【催涙ガス】(さいるいがす)

Riot control agent*1.

化学兵器の一種。
主として擲弾発射器で射出する擲弾、または人の手で投げる手榴弾として運用される。
日本ではガス状のものが最も有名だが、液体や粉末の場合もあり、「催涙剤」と表記する事も多い。

人体の粘膜に作用して刺激を生じ、咳・くしゃみ・涙・嘔吐などの症状を引き起こして行動を阻害する。
致死量に達しなければ短期間で自然に快復し、また、ガスマスクなどの防護策が極めて有効。
皮膚からは吸収されず、粘膜を露出していなければほとんど効果は発揮されない。

こうした特性から「非殺傷」兵器として法執行機関?に広く使われる。
暴動や非合法デモ、ハイジャック・立て籠もり事案などで容疑者を拘束するために用いる事が多い。
また、軍事SOGでも拘束や人質救出を要する場面でのCQBに用いられる。

身体組織へのダメージや後遺症を残しにくく、非常に安全な兵器として評価されている。
ただし、完全な意味での非致死性ではなく、一定の安全性が常に保証されているわけではない。
単発で人間の致死量に至る事はまずないが、制圧射撃などで大量散布された場合に命の保証はない。
免疫系*2や呼吸器系に障害・疾病を抱えた患者に対しては明白に致死的な場合があり、後遺症も残りやすい。
投射された弾体の激突、刺激による転倒、パニックの誘発*3などで死に至る事がないとも言い切れない。

日本での使用例

日本では、警視庁・道府県警察が群衆警備用の装備として催涙弾と擲弾発射器を保有する。
ただし、公式には催涙弾は「催涙ガス筒」、擲弾発射器は「ガス筒発射器」と称する。
設計上も運用実態でも明白に銃砲であるが、暗黙に「武器ではない」という主張が為されている。

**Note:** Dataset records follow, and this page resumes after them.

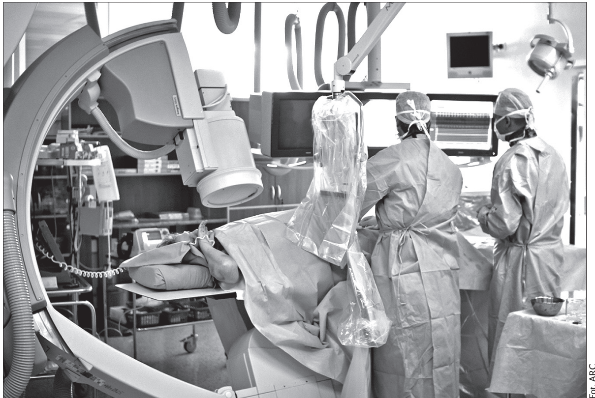
Unikatowy zabieg w Szpitalu Podlesie.

Szpital Podlesie od 2009 wchodzi w skład narodowej sieci ośrodków leczenia chorób sercowo-naczyniowych, utworzonej przez ministerstwo zdrowia. Trzyńscy lekarze, jako pierwsi w kraju, przeprowadzili od tego czasu kilka unikatowych zabiegów. (dc)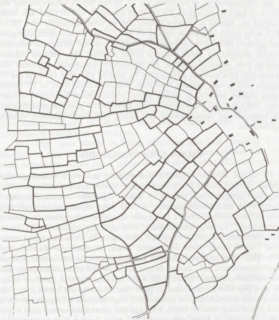
Joon. 4. Valma küla suurte põllutükkide piirid 17. sajandil enne talude jagunemist. Jämedama joonega on algtalude valduste arvatavad piirid. Need kattuvad joonisel 3 jämedama joonega tähistatud talurühmade valduste piiridega. Autori rekonstruktsioon 1826.–1827. aasta kaardi alusel.

juba 17. sajandi algupoolel (või ka varem?), enne kui talusid hakati 17. sajandi lõpupoolel ja 18. sajandil jagama. Eriti peab rõhutama, et 17. sajandi lõpuks kujunenud kuue talu, hilisemate talurühmade valduste piirid kulgesid just mööda nende suurte tükkide piire. Väiksemad valdustükid koosnesid 1–4 osast, suurematel kompaktsel valdustel oli suuri põllutükke märgatavalt rohkem. Ka need kohad, kus arvatavad põllutükkide piirid olid kaduma läinud, asusid kõik ühe talurühma valduste sees.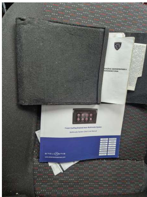
Fot. 35 Instrukcje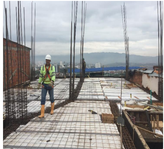
Figura 41. Postura de casetón y malla.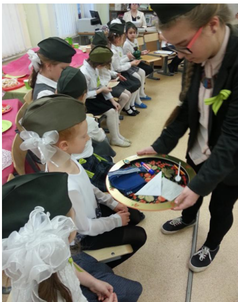
Рис. 15. Игра «Блокадный набор»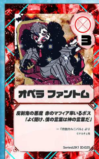
ペガサス14 ドルチェ毒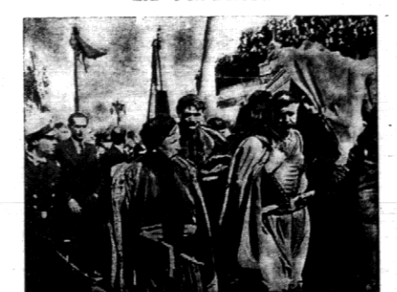
Konkord pogrzebowe za śmierciennymi szoskami Wenecjosi, przywiezione z Francji na Krotę posuwał się w portu Kandyja na poszerzeniu 10 km. do klasztoru św. Elżbiety w Akrotiri.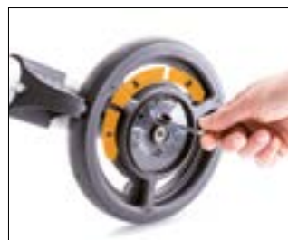
// 9009329 Speedcontrol

『銃』『弾』と呼ぶと法律上「武器」「銃砲」として定義され、使用上の規制が発生するため。
例えば、警察官職務執行法第七条における武器の使用制限に引っかかる事案が多く想定される*4
また、銃砲刀剣類所持等取締法においてどう取り扱うべきなのか今ひとつ判然としない点もある。

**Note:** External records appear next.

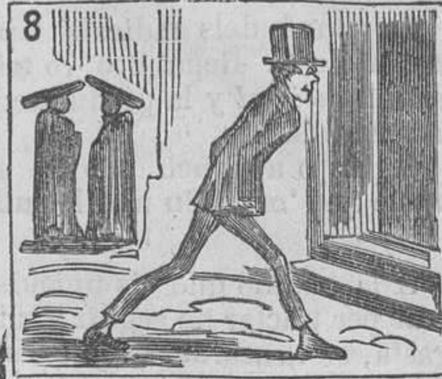
8 El crudo frio resiste y á todo sermon asiste.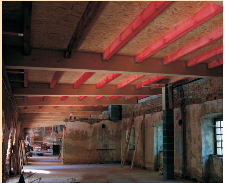
Prace remontowe w Pałacu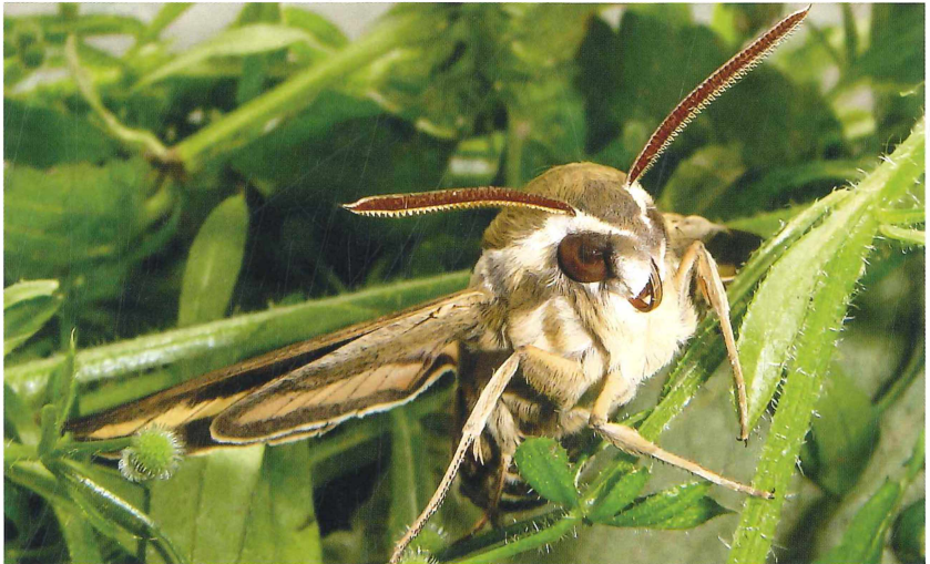
Abb. 5: Labkrautschwärmer ( Hyles galii ), Porträt. Nassau, 30. Mai 2014.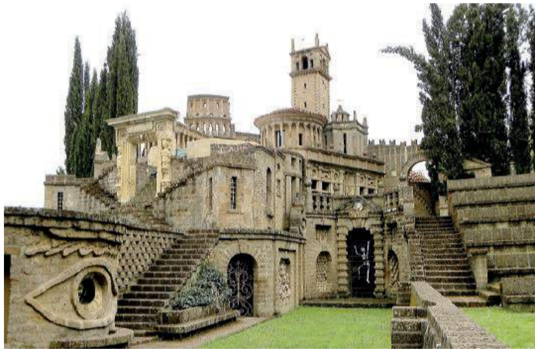
La Scarzuola La città ideale dell'architetto Tomaso Buzzì entra nel network dei Grandi Giardini Italiani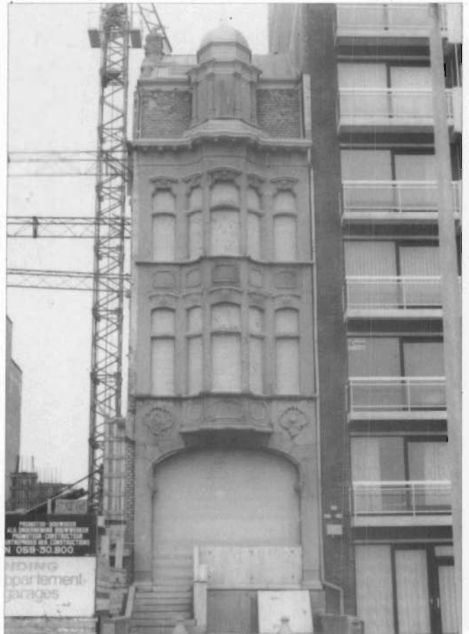
Villa Doris Zeedijk 117 Middelkerke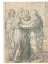
8. Pontormo Italian (Florentine), 1494 - 1557 Study for the Visitation, About 1528-29 Black chalk, traces of white chalk, squared with red chalk on paper Unframed: 47 × 34 cm (18 1/2 × 13 3/8 in.) Firenze, Gallerie degli Uffizi, Gabinetto Disegni e delle Stampe. EX.2019.1.5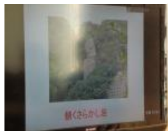
奇岩「鯖くさらかし岩」

体操を一緒にしました。椅子に座ったまま足首を曲げ伸ばし、左右に首を振る運動をします。次に椅子の背につかまって立ち、体を反らしたり片足を上げる運動は、筋肉をほぐしてリラックス出来ます。体操は少しの場所があれば出来るのを知りました。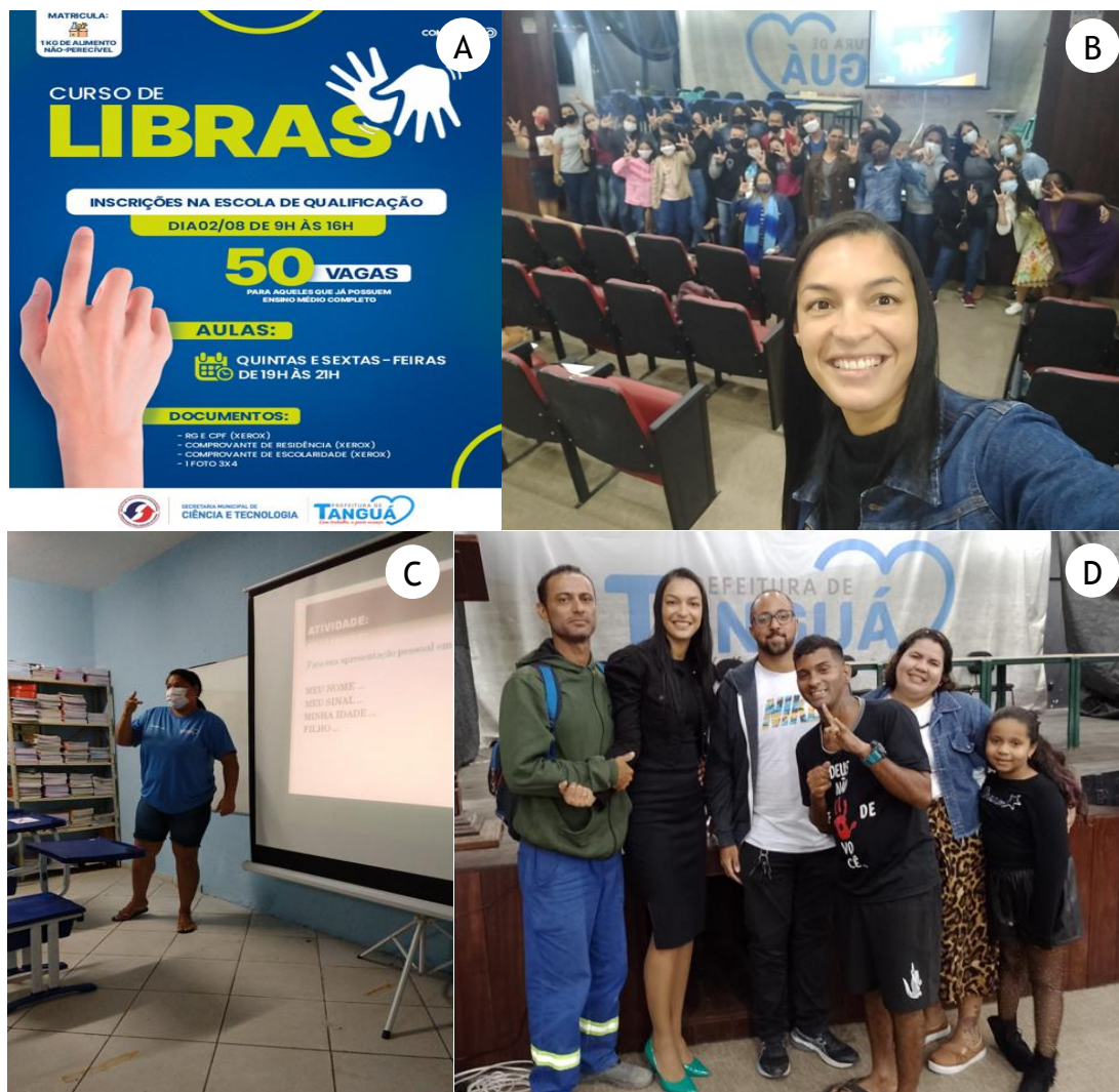
Figura 2. Imagens da vivência didática. Legenda: A - Cartaz de divulgação do curso de Libras; B - Aula prática com alunos do comércio local; C - Aula prática com alunos de órgãos públicos da prefeitura; D - Participação da comunidade surda na formatura.

A primeira consistiu na divulgação do projeto junto ao comércio local, profissionais da saúde, funcionários públicos e comunidade em geral, por meio de um cartaz (Figura 1A).

その運用には極めて厳しい制限が課せられており、持ち出しの時点で各機関の最高責任者*5の許可を要する。
発射の際には相手に対して事前に警告し、かつ現場指揮官による発射命令を要する事と定められている。


*1 直訳すると「暴動取締剤」。
*2 ある種のアレルギーなど。また、催涙ガス自体がアレルゲンであるため、後遺症としてアレルギー症状を呈する場合がある。
*3 銃を手にした人間が催涙ガスを浴びた場合、混乱から不時発射が発生する可能性を無視できない。
*4 法令上、対象が現行犯でなく逮捕状も出ていない場合は「武器の使用」ができない。
*5 警視庁であれば警視総監、道府県警察であれば本部長。